DW SPI controller demands any native CS being set in order to proceed
with data transfer. So in order to activate the SPI communications we
must set any bit in the Slave Select DW SPI controller register no
matter whether the platform requests the GPIO- or native CS. Preferably
it should be the bit corresponding to the SPI slave CS number. But
currently the dw_spi_set_cs() method activates the chip-select
only if the second argument is false. Since the second argument of the
set_cs callback is expected to be a boolean with "is-high" semantics
(actual chip-select pin state value), the bit in the DW SPI Slave
Select register will be set only if SPI core requests the driver
to set the CS in the low state.

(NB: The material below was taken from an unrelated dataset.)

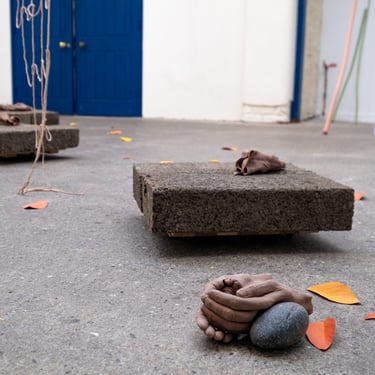 Holding, falling, 2024. Breeze blocks cast in soil and paper, wooden trolleys, string nets, casts of the artist's hands in unfired terracotta, paper leaves.
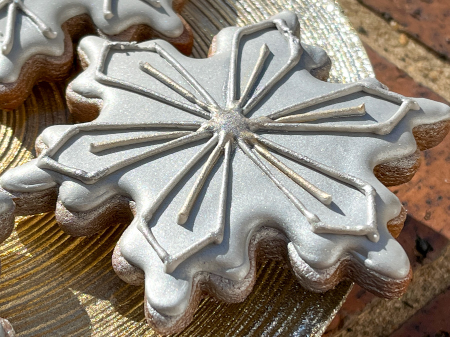 For all the designs I used flooding either with Americolor Gold (to spray gold later) or Americolor Gun Metal (to spray silver). Once that base is set, I added details in piping consistency using either a similar color or white. That then gets painted with luster powder. If you start from white flooding, the metallic effect will be less pronounced, and the final color a bit more faded.

So this will work for active-low
GPIO-based CS case, and won't work for active-high CS setting
the bit when SPI core actually needs to deactivate the CS.

This commit fixes the problem for all described cases. So no matter
whether an SPI slave needs GPIO- or native-based CS with active-high
or low signal the corresponding bit will be set in SER.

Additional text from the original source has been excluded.